Research on income instability is particularly timely: the recent U.S. economic crisis has further exposed millions of families to volatile economic situations. Sensitivity to economic fluctuations is particularly acute for those families living on the margins of poverty. Understanding the implications of income instability on family life and children lays the groundwork for more effective federal and state policy making across numerous facets of policy design. Most social policies targeting low-income families are not designed to flexibly accommodate frequent income change. For example, steady employment and earnings are an (implicit) eligibility requirement for several important safety net programs. A job loss not only translates into lost earnings but also to lost benefits from employment-based safety net programs (Aber et al. 2012).

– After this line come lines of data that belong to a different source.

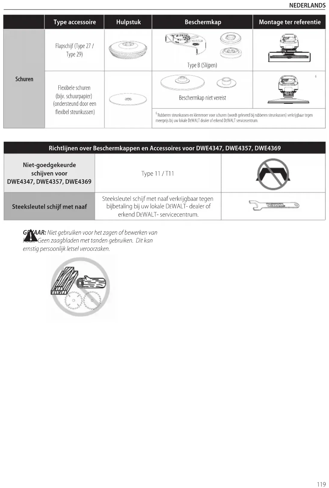 Slipeskiver for andre materialer enn metall og murverk/betong Type A (lukket kapping) To‑type (kombinert kapping og sliping) To‑type slipeskive Type A (lukket kapping) Stålbørsting Hjul‑type stålbørste Type A eller Type B (lukket kapping eller sliping) Hjul‑type stålbørste Beskyttelse unødvendig134 NORSK Retningslinger for beskyttelser og tilbehør for DWE4347, DWE4357, DWE4369 Ikke-godkjente skiver for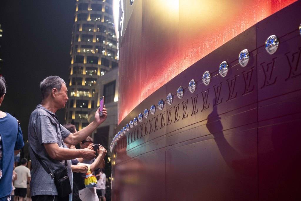 这一举措不仅拉动了LV自身门店的客流与销量,更带动了周边商圈的联动效应。据现场增派过来的一名警务人员说,“人流车流显著增加,但是我们要及时制止人流为了拍照进入机动车道。”周边沿街一排商铺门口站了好几圈人,店铺内同样有不少人,旺铺之势强劲。一对恋人兴致勃勃地相互拍照,由于没有专业相机,希望澎湃新闻记者用专业相机给他们留下“珍贵记忆”,并承诺可以支付拍摄费。“巨轮”在夜幕下散发着银色的光芒,它投射下来的光亮照亮船舷底下每一张脸,上海滩遍地是机会。
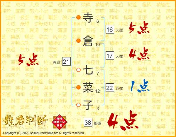寺(6画)倉(10画) 七(7画)菜(12画)子(3画)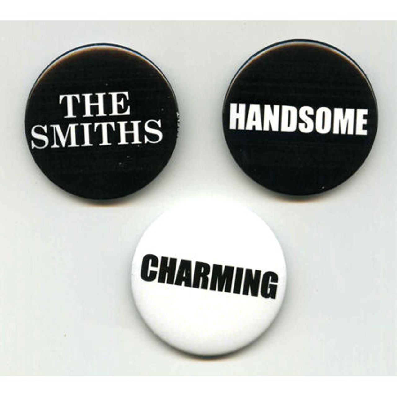 THE SMITHS The Sound Of The Smiths (2008 UK promotional-only set of THREE 1½" diameter black & white badges to promote the 'Greatest Hits' release. Each badge features a different logo, 'The Smiths', 'Charming' and 'Handsome' - A cool promo set!)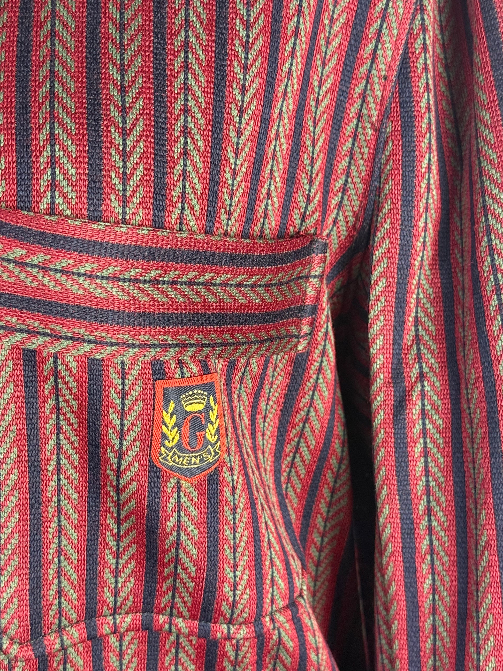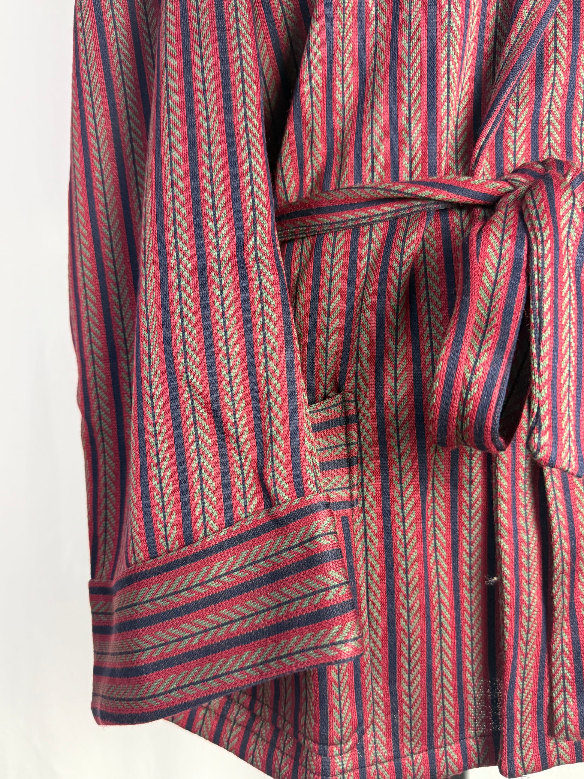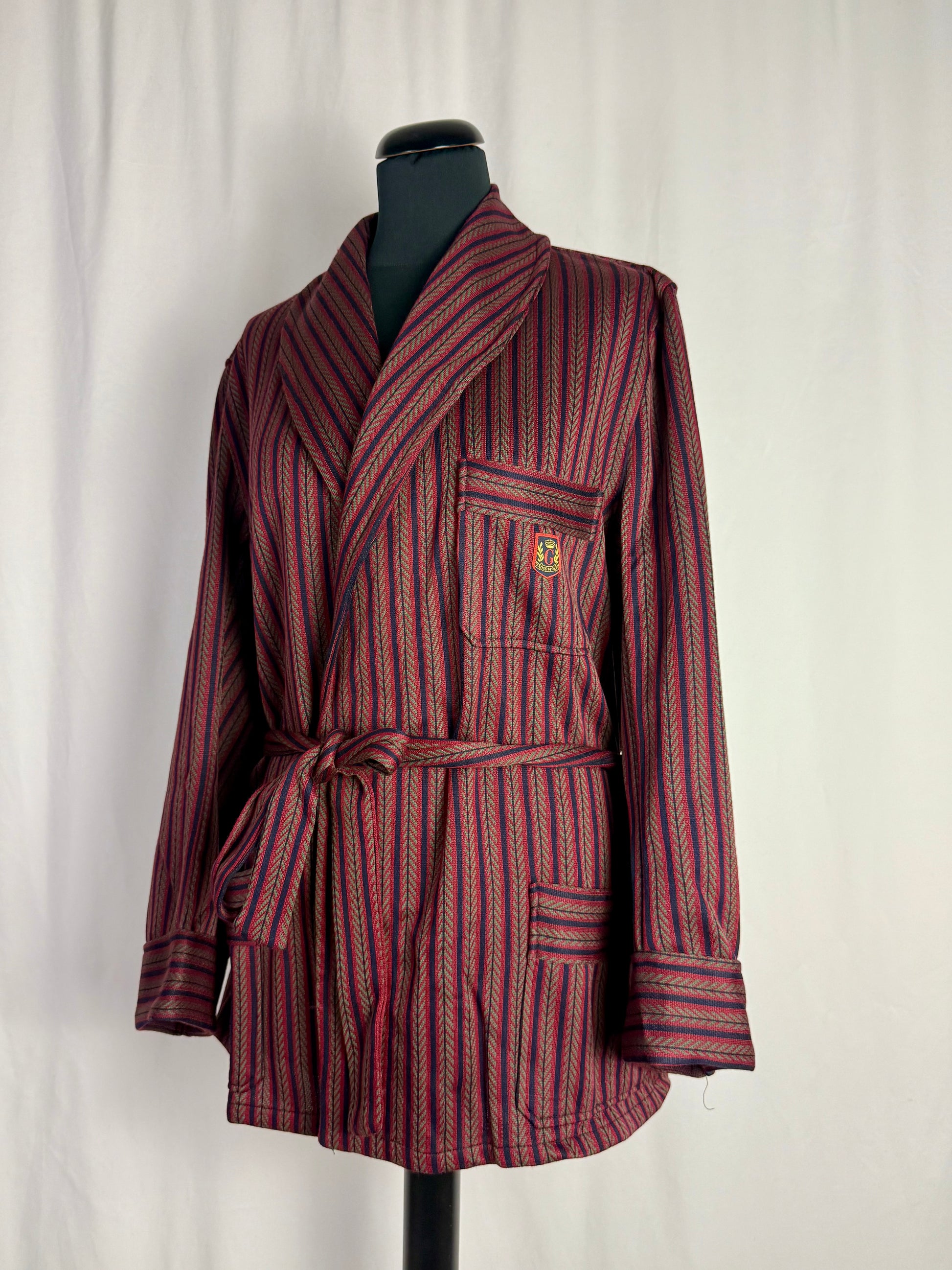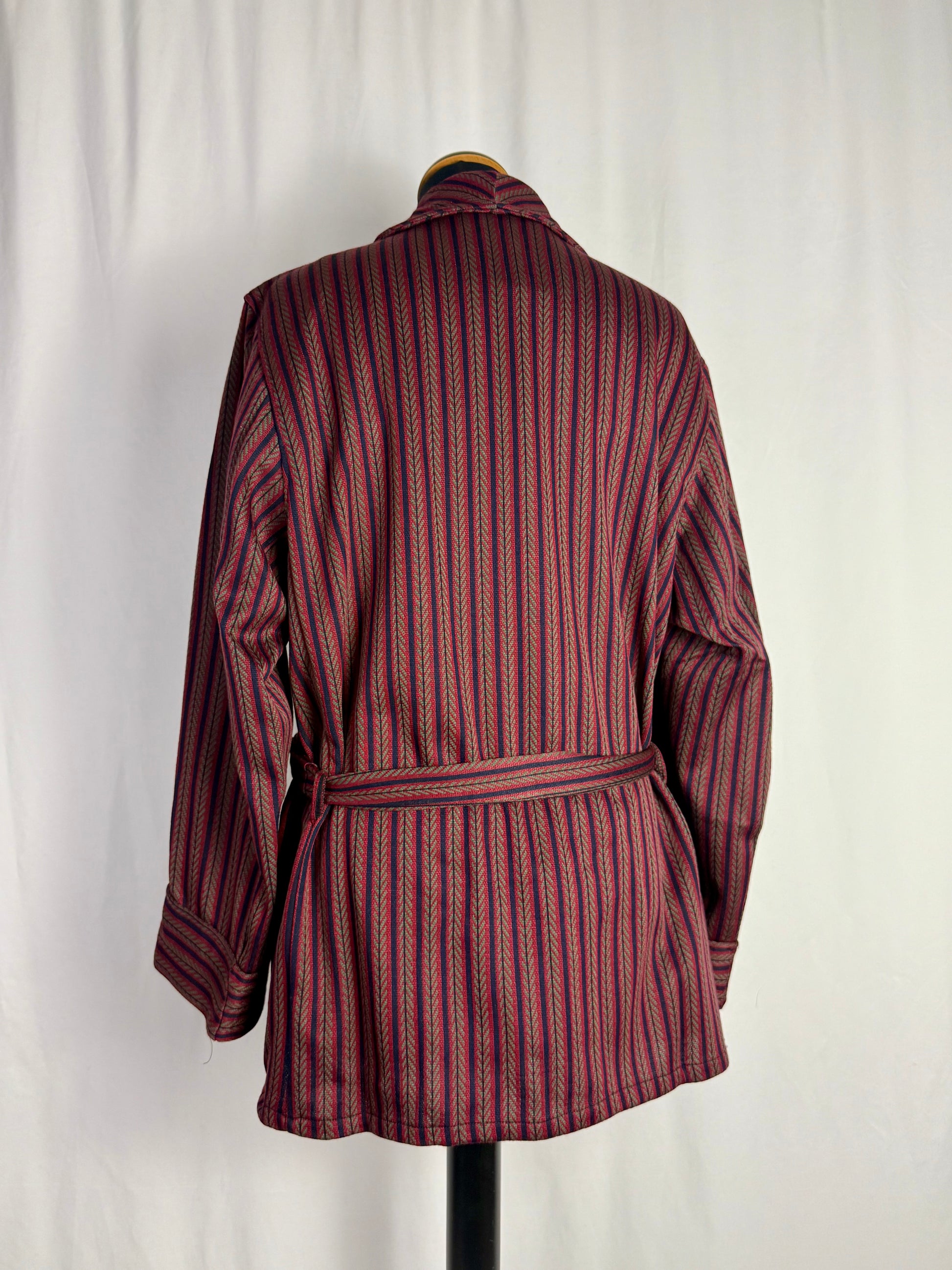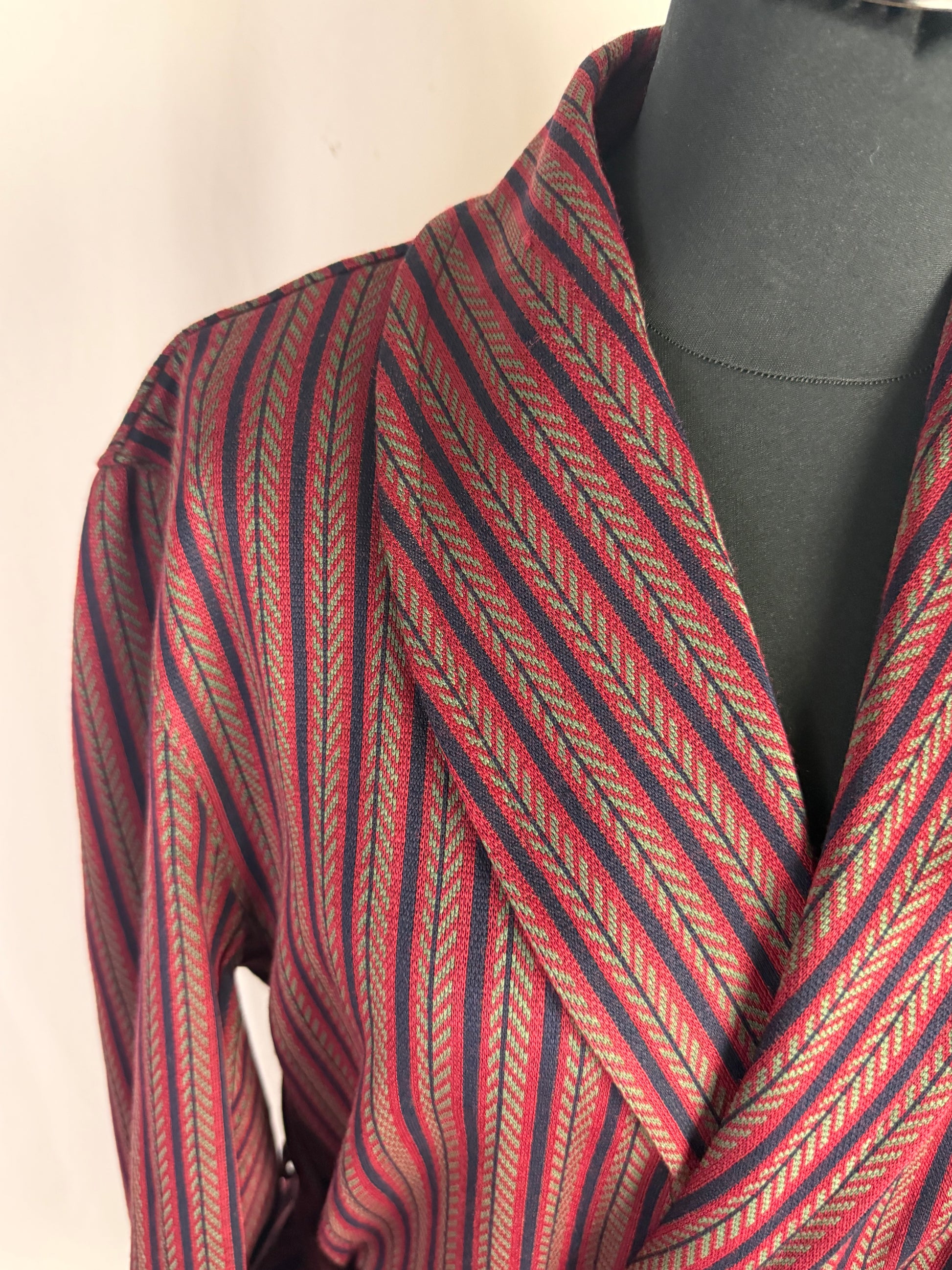 Giacca da camera nuova fondo di magazzino, realizzata in tessuto jacquard a righe verticali multicolore nei toni del bordeaux, verde e blu, con motivo a spina di pesce intrecciato. Modello con collo a scialle ampio, maniche lunghe con polsino dritto, chiusura frontale a portafoglio con cintura coordinata cucita in vita, due tasche applicate sul davanti e una tasca applicata sul petto con piccolo stemma ricamato.

Important directions for future research include opportunities to untangle the causal effects of income level from income change. To do this, studies need frequent measurement of income, detailed and well-validated measures of family life and children’s developmental outcomes, and strategies to leverage exogenous difference that will separately identify income from income instability. One promising example may be experimental studies that were designed to enhance income but, because of the design of the payment structure, may also have increased income instability. Another example is naturally occurring changes in income induced by the economic or policy context: that is, a natural experiment that exploits income instability imposed by the timing of public assistance income or the temporal nature of the institution of particular policies (Gennetian et al. 2013). Given today’s economic reality, the implications of income instability on family life as well as the role that income instability plays in the context of public programs should be actively integrated as critical components of future research on the impacts of income and poverty on family and child well-being.
We also created a measure of interyear income instability comparable to what was constructed for Yeung et al. (2002) using the PSID-CDS, and we similarly found that 20 % of households experienced at least one income change of 30 % or more from year to year.